En outre, l’anthrax a fait son apparition dans le nord du pays, faisant trois morts, dont deux enfants, dans la vallée de Zambezi, selon des informations de l’ONG Save the Children. L’organisation a signalé 32 cas d’anthrax chez l’homme dans le district de Binga. Cette maladie, d’origine animale, menace au moins 60 000 têtes de bétail dans le nord du Zimbabwe. L’homme est contaminé en mangeant de la viande avariée, a expliqué la porte-parole du Bureau de coordination des affaires de l’ONU. « Il arrive que des gens qui ont faim mangent les cadavres des bêtes malades ou que des boucheries non agréées vendent leur viande », a-t-elle expliqué. Cette épidémie galopante pourrait se révéler lourde de conséquences politiques pour le dictateur Robert Mugabe, au-delà des souffrances supplémentaires infligées à une population déjà à genoux. Le choléra s’accélère au moment où l’armée, principal soutien du régime, donne des signes d’impatience.

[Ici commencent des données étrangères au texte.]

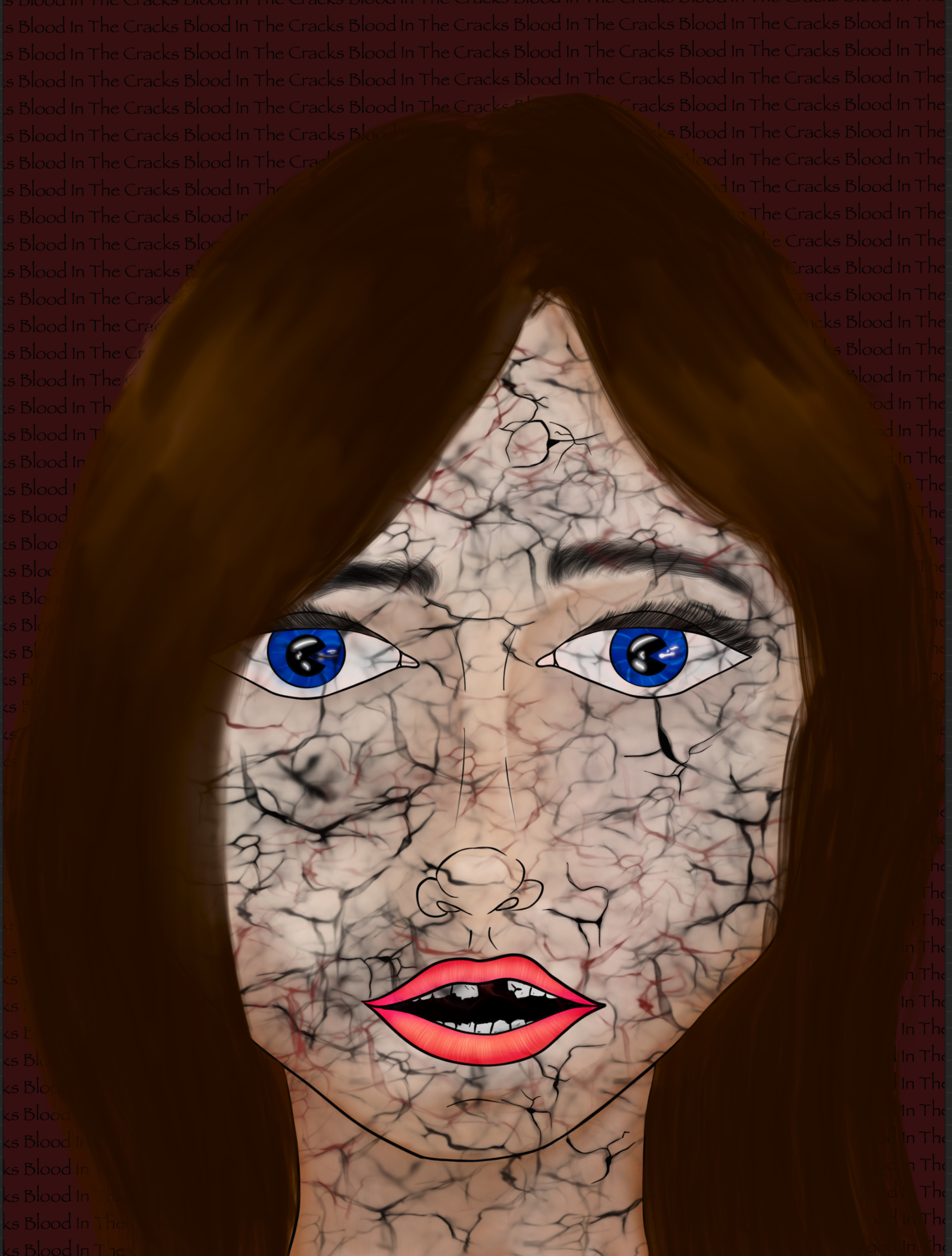 Check out this amazing drawing of Mary Ann, Lola’s imaginary friend/puppet. Her porcelain skin is webbed with fractures, and if you look closely you can see the words ‘Blood in the cracks’ repeated over and over in the background of the image. I love it!

231 millions pour cent d’inflation

Lundi, pour la deuxième fois en une semaine, des soldats, désarmés, ont attaqué des bureaux de change au centre de la capitale Harare, pour protester contre le retard de versement de leur solde. Des civils les ont ensuite rejoints pour affronter la police antiémeute. Les Zimbabwéens sont à bout. La moitié d’entre eux, soit quelque 5 millions de personnes, aura besoin d’une aide alimentaire dans les prochaines semaines, selon les estimations de l’ONU. L’inflation atteint le taux démentiel de 231 millions pour cent, tandis que le chômage s’établit à 80 %, conséquences de l’isolement international du pays et du naufrage de l’économie.

Après une réforme agraire bâclée qui n’a pas remplacé les fermiers blancs expulsés, Mugabe, le héros de l’indépendance, s’est maintenu au pouvoir en lançant ses milices armées d’« anciens combattants » contre les dirigeants de l’opposition et une partie de la population qui la soutenait. Après une mascarade électorale en juin dernier, accompagnée de nouvelles violences, et le boycott de l’opposition, les efforts de réconciliation, parrainés par l’Afrique du Sud et la SADC (Communauté de développement de l’Afrique australe) ont échoué. Mugabe n’a pas appliqué l’accord passé en septembre, qui donnait le poste de premier ministre au leader de l’opposition Morgan Tsvangirai, le dotant de pouvoir élargis. Ce dernier a tiré les conclusions de l’échec en appelant l’Union africaine à remplacer la SADC. « La médiation de la SADC n’a pas réussi », a-t-il déclaré à Dakar, où il devait rencontrer le président Abdoulaye Wade.